*EXERCISE DETAILS*: Going through the material below, output exactly the lines from the one containing "Медсестер сердечно поздравили" through the one containing "Book nowAaliyah is", and no pictures.

*INPUT DATA*:
────────

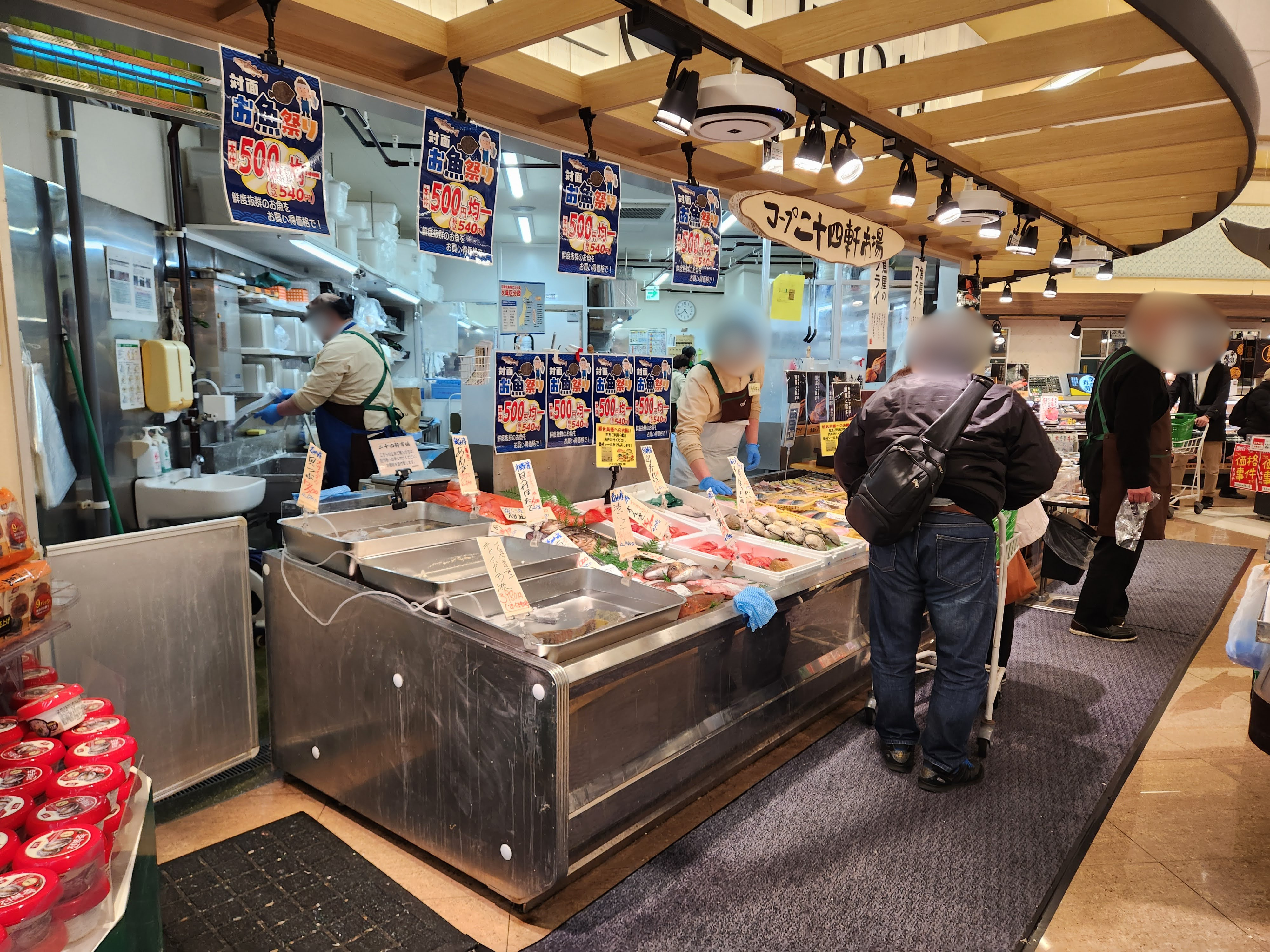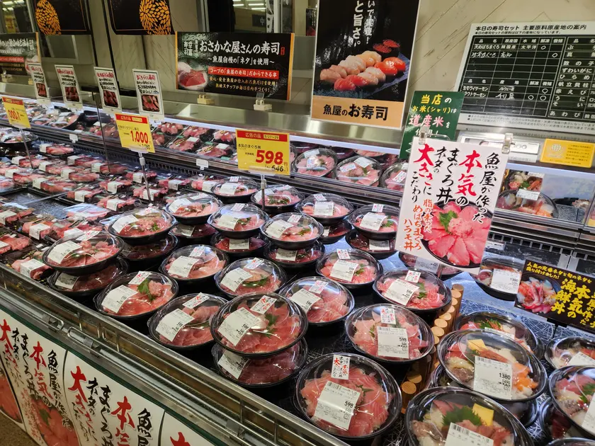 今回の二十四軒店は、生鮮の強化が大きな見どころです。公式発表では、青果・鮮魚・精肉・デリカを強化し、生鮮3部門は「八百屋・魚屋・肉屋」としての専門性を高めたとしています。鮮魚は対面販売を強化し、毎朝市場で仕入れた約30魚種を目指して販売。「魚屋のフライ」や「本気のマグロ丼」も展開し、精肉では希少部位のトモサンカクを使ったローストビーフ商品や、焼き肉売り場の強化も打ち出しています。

────────

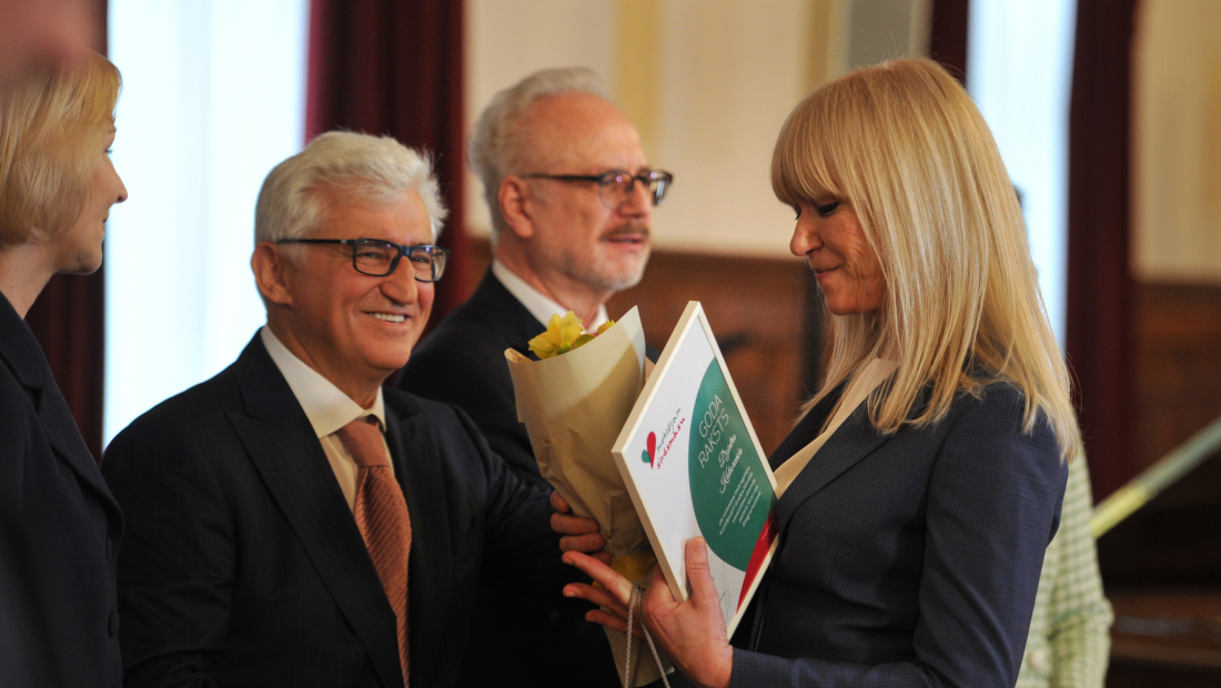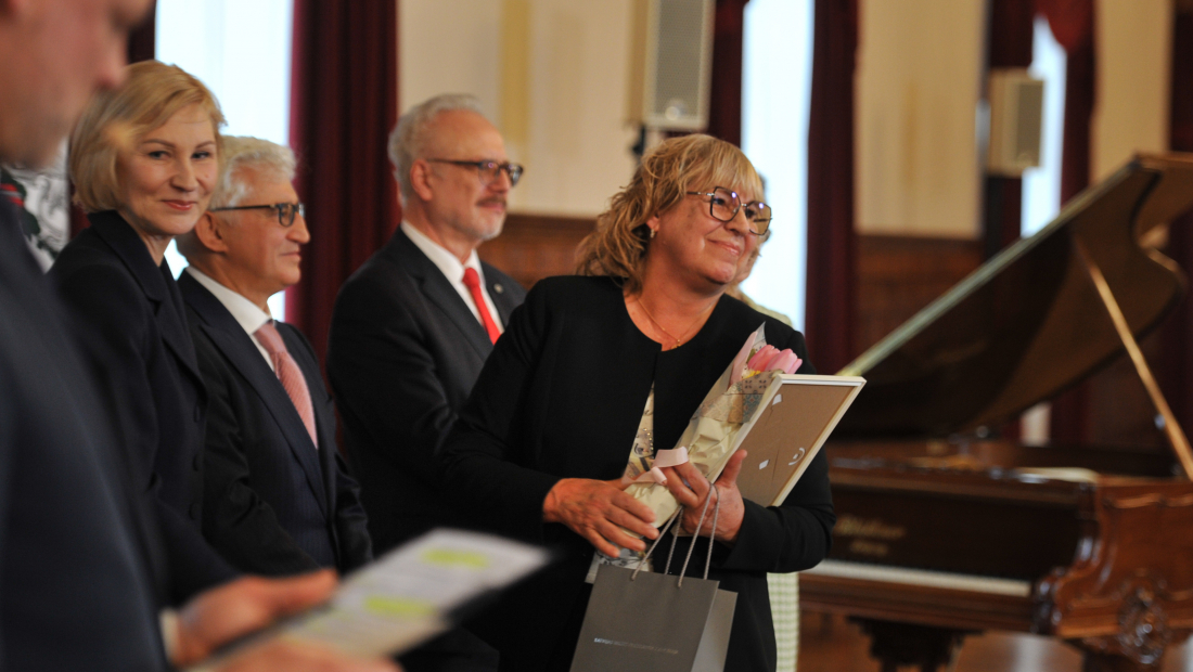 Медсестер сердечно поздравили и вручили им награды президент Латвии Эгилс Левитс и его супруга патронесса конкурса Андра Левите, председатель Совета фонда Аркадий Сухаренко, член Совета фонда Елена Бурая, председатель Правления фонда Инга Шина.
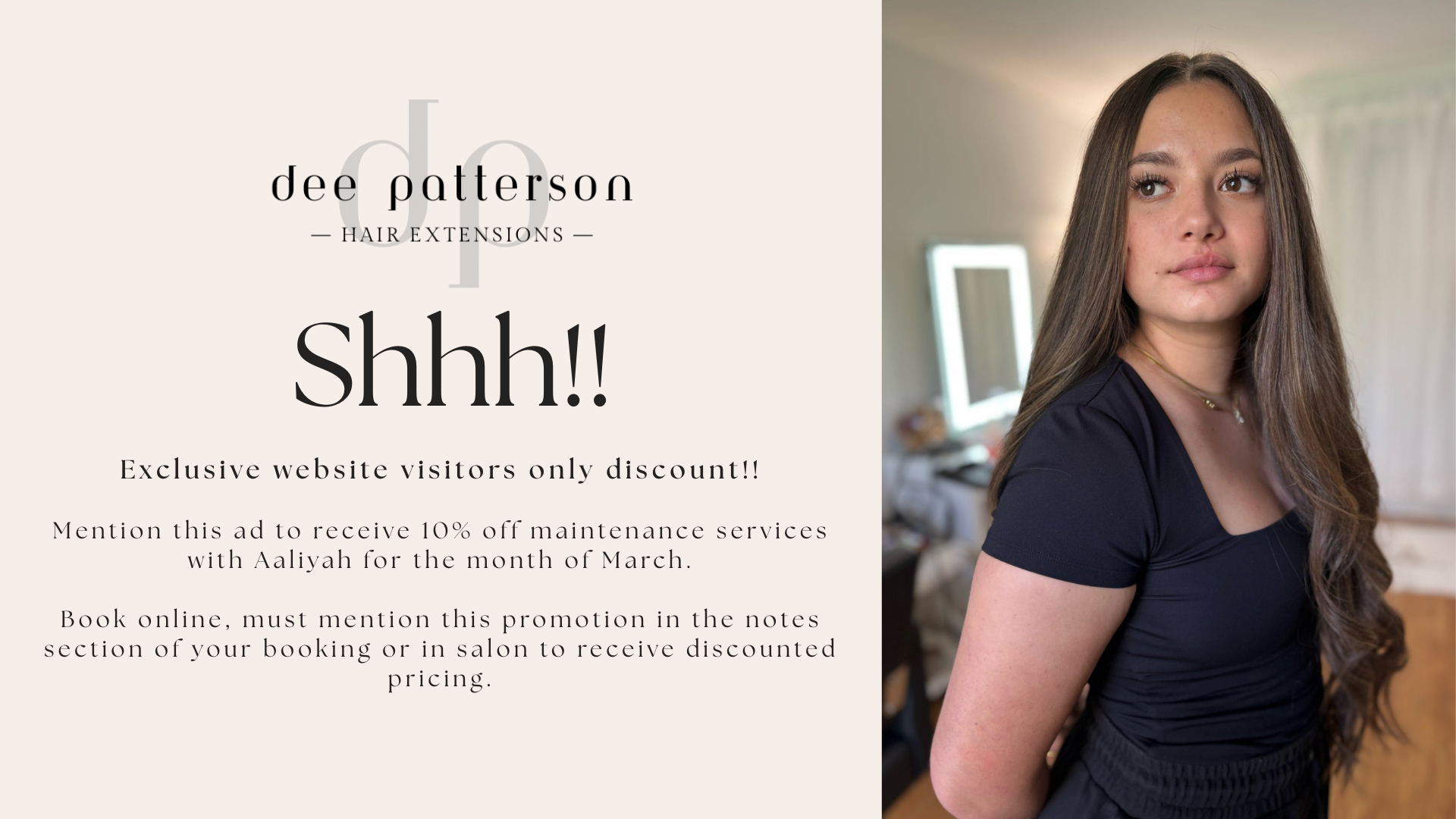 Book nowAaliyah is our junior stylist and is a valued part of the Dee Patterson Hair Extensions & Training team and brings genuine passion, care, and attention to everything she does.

────────

*TASK SOLUTION*:
 Медсестер сердечно поздравили и вручили им награды президент Латвии Эгилс Левитс и его супруга патронесса конкурса Андра Левите, председатель Совета фонда Аркадий Сухаренко, член Совета фонда Елена Бурая, председатель Правления фонда Инга Шина.
 Book nowAaliyah is our junior stylist and is a valued part of the Dee Patterson Hair Extensions & Training team and brings genuine passion, care, and attention to everything she does.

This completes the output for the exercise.